Monday, July 22, 2024

Why Biden finally quit. Politico. By ELI STOKOLS, JONATHAN LEMIRE, ELENA SCHNEIDER and SARAH FERRIS

Read time: 10 minutes

The Saturday night decision that ended Biden’s reelection campaign.


A photo illustration of Joe Biden in front of the White House.

Illustration by Bill Kuchman/POLITICO (source images via Getty)


July 21, 2024 


Steve Ricchetti, who’s been with Biden since his days in the Senate, drove to see the president at his house on the Delaware shore on Friday. Mike Donilon arrived on Saturday. The two men, both of whom had been by Biden’s side during key decisions about whether to seek the presidency in 2016 and 2020, sat at a distance from the president, still testing positive for Covid, and presented damning new information in a meeting that would hasten the end of Biden’s political career.


In addition to presenting new concerns from lawmakers and updates on a fundraising operation that had slowed considerably, they carried the campaign’s own polls, which came back this week and showed his path to victory in November was gone, according to five people familiar with the matter, who, like others interviewed for this article, were granted anonymity to discuss private conversations.
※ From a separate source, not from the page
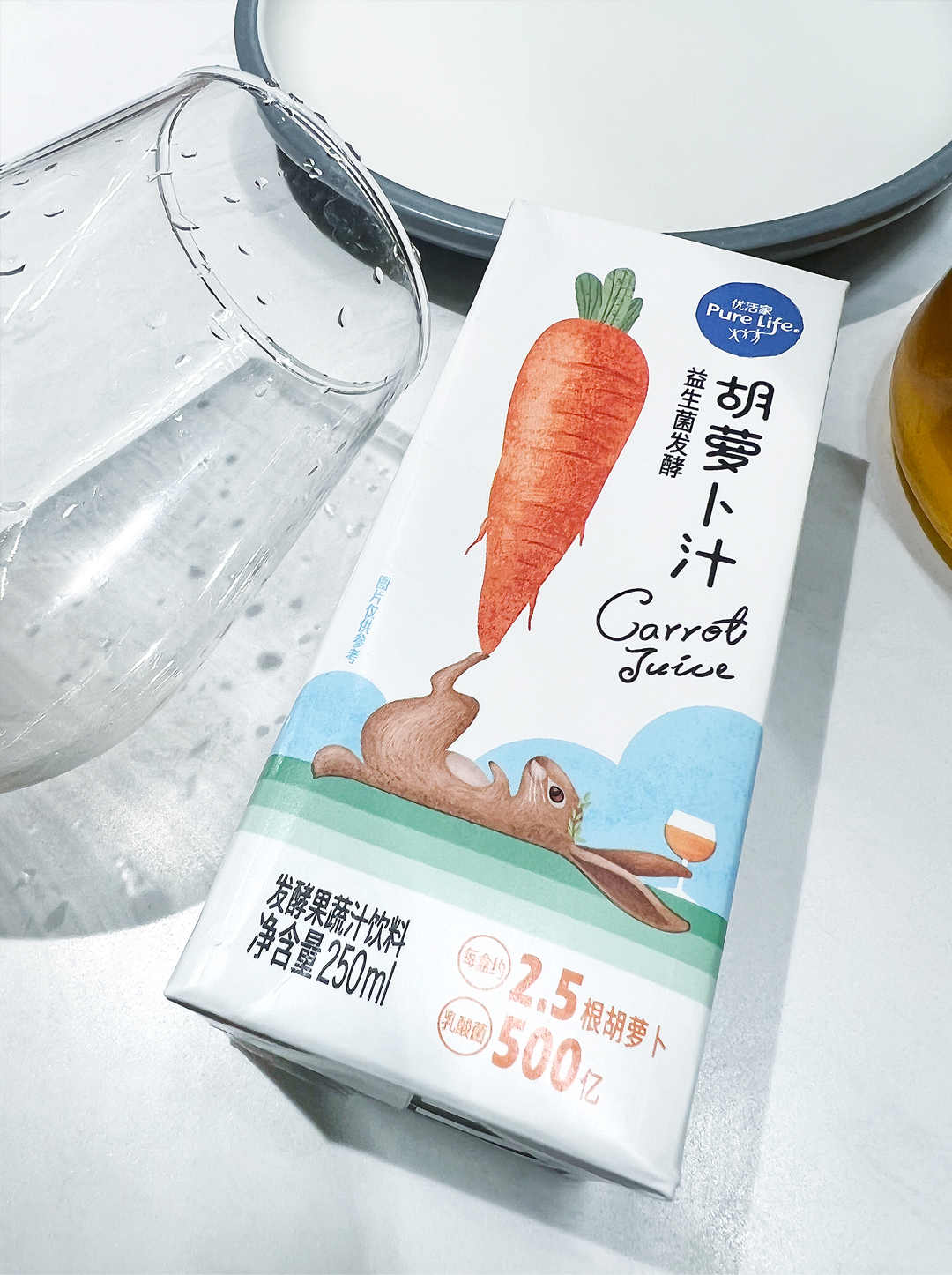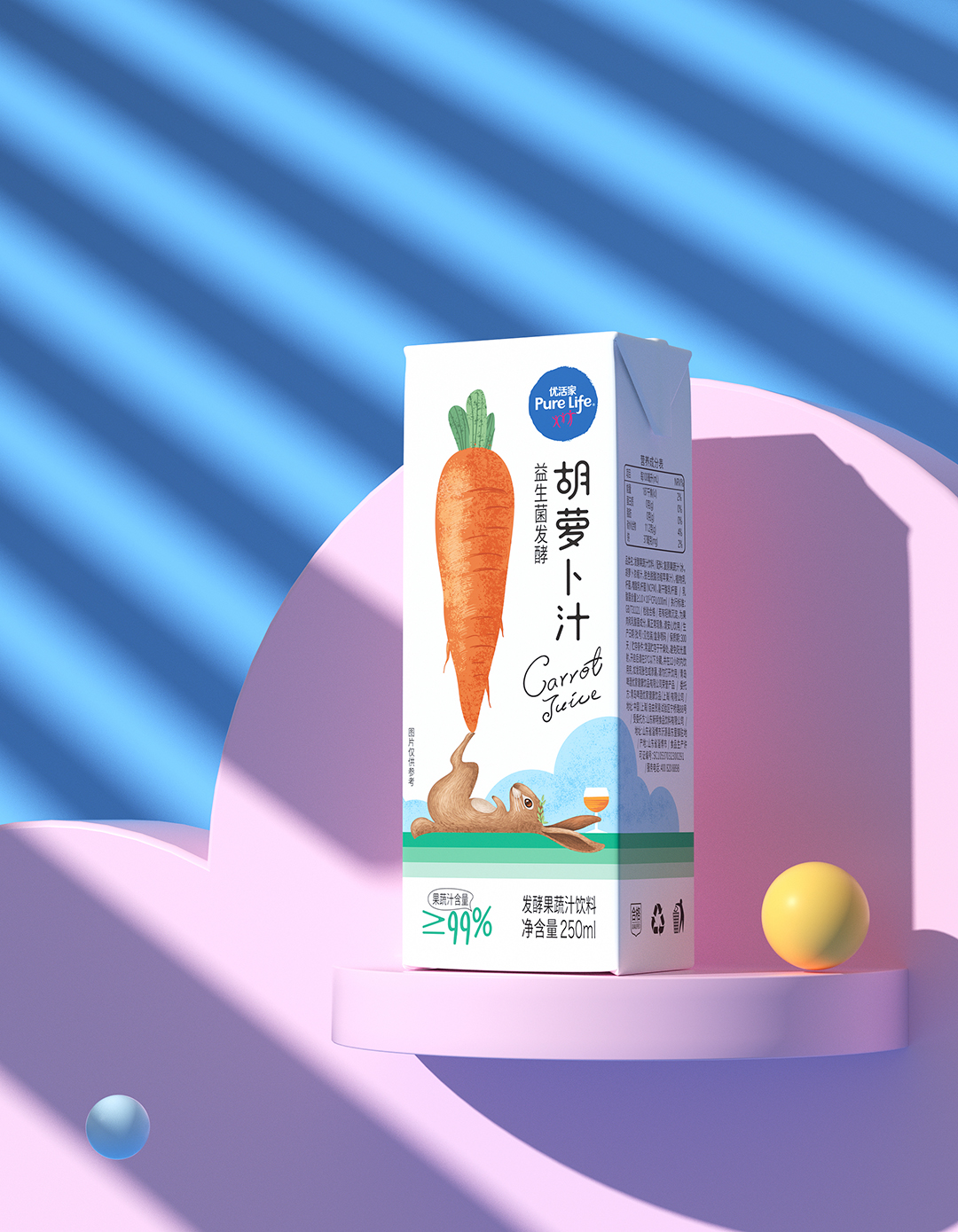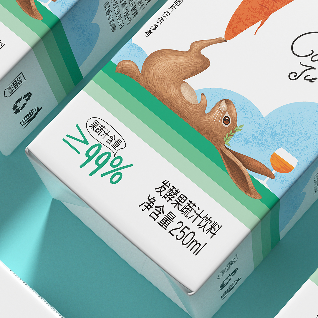 优活家胡萝卜汁每盒相当于2.5根胡萝卜的营养,包装设计主图案采用手绘形式表现,软萌可爱的外表,趣味十足,让人有想要品尝的感受。

Biden asked several questions during the exchange.


The only other people with Biden in the residence when he arose Sunday were first lady Jill Biden and two other trusted aides: deputy chief of staff Annie Tomasini and assistant to the first lady Anthony Bernal. At 1:45 p.m., he notified a somewhat larger group of close aides that he had decided the night before to end his quest for another term, reading his letter and thanking them for their service. A minute later, before any other campaign and White House staffers could be notified, he posted the historic letter from his campaign account on the social media site X.


The announcement, which shocked the political world, almost immediately flipped the narrative around Biden: His own party, after three weeks of deriding him privately as an isolated, deluded lion in winter dragging other Democrats down with him, was showering him with loving tributes, praising his record, career of public service and a selfless decision they said put his country first.


It wasn’t that the president had grown tired of the drip of defections from within his own party — although he had. Rather, it was that Biden himself was finally convinced of what so many other Democrats had come to believe since his poor debate performance last month: He couldn’t win.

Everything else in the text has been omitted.